The world feels very wrong right now. Between shootings, terrorism, and the horrible people that are governing our country with seemingly no ethics or empathy whatsoever. I’ve been trying to write a review of this book for a while, and it’s especially relevant right now with this week’s acquittal of Philando Castile. On top of everything that’s going on, The Hate U Give is a tough read, but it’s also a must read. I want everyone to read this book.
I wouldn’t normally say that about a book, because there’s no book that everyone will experience the same way. But The Hate U Give was incredible, and so very important, and I felt I was changed for having the experience of reading it.
Sixteen year old Starr Carter lives with her family in a mostly black, low-income neighborhood called Garden Heights. Everyone Starr knows has some connection to the local gangs, and getting sucked into them seems almost inevitable. Starr’s parents enroll her in a mostly white high school with better educational opportunities. She’s made some good friends at the school, but they don’t really know the real Starr. And she’s let her childhood friendships lapse because she’s not really herself with them either.
Starr is talked into attending a neighborhood party which takes a frightening turn when shots are fired. Starr gets a ride from her friend Khalil, a boy she’s always been close to. When they’re stopped by police for a broken taillight, Starr remembers the rules her father has drilled into her… no sudden moves, no arguments, hands in plain sight. Starr learned at an early age to fear being pulled over, and this time her fear is justified.
Sadly, despite the videos and protests over police shootings, nothing is changing. Yesterday morning I watched the new footage of the Castile shooting that was released and it was devastating. This book puts you right in the passenger seat of that experience.
Thomas really helps us to feel everything that Starr goes through, from the horrific experience with the police, to navigating adulthood in her school and community, to coming to terms with who she is and wants to be. It’s not just a book about police brutality or racism, although it’s both of those. Starr and her family wrestle with what it means to be black, and there are few easy answers. Thomas deftly blends important political statements with a complex and very real story about family, friendship, and the place we call home.

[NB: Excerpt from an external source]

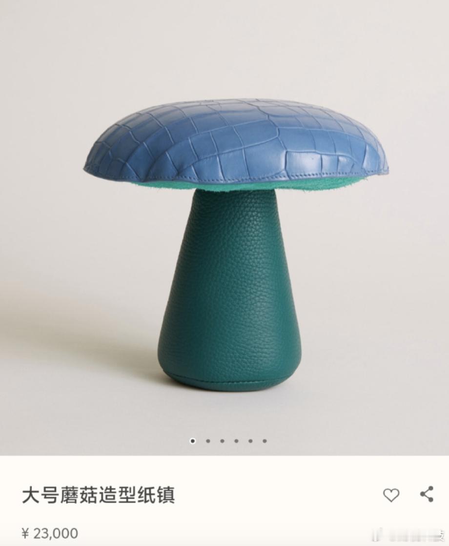 【23000元蘑菇造型纸镇被嘲蓝瘦香菇】爱马仕回应蘑菇纸镇售价23000元 近日,有网友发帖称,在爱马仕商品中看到一款售价23000元的大号蘑菇造型纸镇,直言“吃相不要太难看”,更有网友戏称其为“蓝瘦香菇”。《贵圈》栏目查询爱马仕小程序发现,该产品由法国制造,由湾鳄皮、小公牛皮和小牛皮搭配制成,产品嵌有玻璃与聚苯乙烯圆珠,增添了柔韧性,可根据需求移动。该产品高18厘米,直径为21厘米。

There’s so much in this book that made me think — and feel. One thing I’ve thought a lot about since reading this book is how much I hold back from talking about race because as a white person, I’m sure I’ll say the wrong thing. I say stupid things all the time, but I would hate to say something offensive (and yet I’m sure I have). Starr has a good friend who hurts her with racially insensitive comments and actions. When Starr has the courage to confront her friend, she’s looking for an apology, but she gets anger and defensiveness instead. I think about being that person (say, mixing up two people’s names who are the same race, or making a reference to fried chicken, as in this book) and how I would feel if I was called on it. I know I have inherent biases, and I try to be mindful of them. But these are hard conversations to have, and to have honestly.
I also thought a lot about how working-class rural whites are described in books like Hillbilly Elegy and Strangers in Their Own Land as feeling like black people get all these privileges. I realize these communities have their own problems and they’re angry for a reason. And yet, if you’re black, your life is at risk just for wearing a hoodie or driving a car. Or as Trevor Noah commented recently, for anything at all.
Starr’s voice felt really authentic to me, to the extent I can judge at least. Sometimes Starr talks the way I remember talking as a teenager, although of course she comes from a different community and a different generation. Thomas manages to make Starr feel sixteen years old without ever sounding childish. This is YA literature that doesn’t talk down to its readers.
There’s so much I want to say about this book. Even if you don’t usually read YA fiction, you should read this. Thomas’ first novel tells a powerful, important story in a way that’s never preachy or oversimplified. Just raw, honest emotion that had me crying and cheering for Starr again and again.